Building With Script (Recommended)

bash build.sh   # build original PyTorch and torch_musa from scratch

# Some important parameters are as follows:
bash build.sh --torch  # build original PyTorch only
bash build.sh --musa   # build torch_musa only
bash build.sh --fp64   # compile fp64 in kernels using mcc in torch_musa
bash build.sh --debug  # build in debug mode
bash build.sh --asan   # build in asan mode
bash build.sh --clean  # clean everything built

Building Step by Step From Source

Apply PyTorch patches

bash build.sh --patch

Building PyTorch

cd pytorch
pip install -r requirements.txt
python setup.py install
# debug mode: DEBUG=1 python setup.py install
# asan mode:  USE_ASAN=1 python setup.py install

Building torch_musa

cd torch_musa
pip install -r requirements.txt
python setup.py install
# debug mode: DEBUG=1 python setup.py install
# asan mode:  USE_ASAN=1 python setup.py install

Docker Image

NOTE: If you want to use torch_musa in docker container, please install mt-container-toolkit first and use '--env MTHREADS_VISIBLE_DEVICES=all' when starting a container.

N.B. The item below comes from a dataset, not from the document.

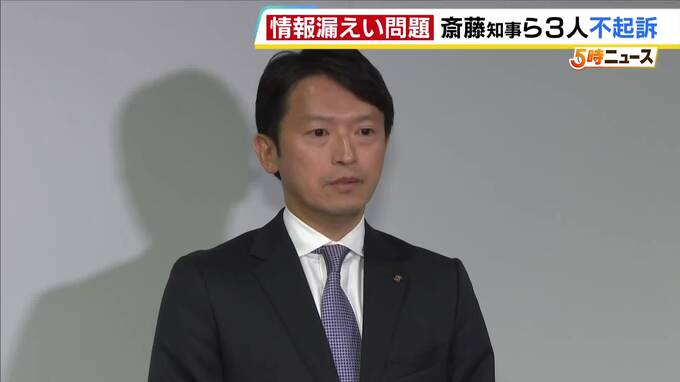 斎藤知事ら3人を『不起訴処分』兵庫県・元県民局長の私的情報漏えい問題で 告発した上脇大学教授は「納得できない」検察審査会への申し立て検討 2026年3月27日(金) 17:33 国内 兵庫県の元県民局長の私的な情報が漏えいした問題で、斎藤知事ら3人を不起訴処分です。 兵庫県の斎藤元彦知事のパワーハラスメントなどを告発した元県民局長の私的な情報が外部に漏えいした問題では去年、県の第…
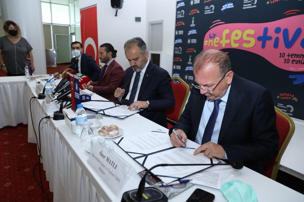 Bursa’da pandemiden ekonomik anlamda olumsuz etkilenen vatandaşlar ve esnafa yönelik bu güne kadar toplamda 170 milyon TL’lik destek sağlayan Bursa Büyükşehir Belediyesi, süreçten en fazla etkilenen sanatçıları da unutmadı. Mart ayında “Bursa’nın Her Sokağı Ayrı Bir Şarkı” projesiyle sokak sanatçılarına sağlıklı ortamda sanatlarını icra etme imkanı sunan Büyükşehir Belediyesi, geçtiğimiz ay yapılan Sokak Sanatçıları Festivali’nin ardından şimdi de yerel sanatçılar için yeni bir destek paketini devreye aldı. Bursa’nın merkez ve 17 ilçesini Eylül ayı sonuna kadar açık hava sanat etkinlikleriyle buluşturacak ‘Birnefestival’ programı düzenlenen basın toplantısı ile kamuoyuna duyuruldu. Toplantı öncesi Bursa Büyükşehir Belediye Başkanı Alinur Aktaş, Bursa Kültür Sanat ve Turizm Vakfı Başkanı Özer Matlı ve Güney Marmara Tiyatro Kooperatifi Başkanı Mustafa Yıldırım arasında işbirliği protokolü imzalandı.

Docker Image for Developer

docker run -it --privileged --name=torch_musa_dev --env MTHREADS_VISIBLE_DEVICES=all --shm-size=80g torch_musa_develop_image /bin/bash

Docker Image List

Docker Tag	Description
latest/v1.0.0	musatoolkits rc1.4.0 (requires musa driver musa_2.1.1) mudnn rtm_2.1.1; mccl 20230627 libomp-11-dev muAlg _dev-0.1.1 muRAND_dev1.0.0 muSPARSE_dev0.1.0 muThrust_dev-0.1.1

Docker Image for User

docker run -it --privileged --name=torch_musa_release --env MTHREADS_VISIBLE_DEVICES=all --shm-size=80g torch_musa_release_image /bin/bash

Docker Image List

Docker Tag	Description
latest/v1.0.0	musatoolkits rc1.4.0 (requires musa driver musa_2.1.1) mudnn rtm_2.1.1; mccl 20230627 libomp-11-dev muAlg _dev-0.1.1 muRAND_dev1.0.0 muSPARSE_dev0.1.0 muThrust_dev-0.1.1

Getting Started

Key Changes

The following two key changes are required when using torch_musa:

Import torch_musa package
```
import torch
import torch_musa
```

Change the device to musa

import torch
import torch_musa

a = torch.tensor([1.2, 2.3], dtype=torch.float32, device='musa')
b = torch.tensor([1.2, 2.3], dtype=torch.float32, device='cpu').to('musa')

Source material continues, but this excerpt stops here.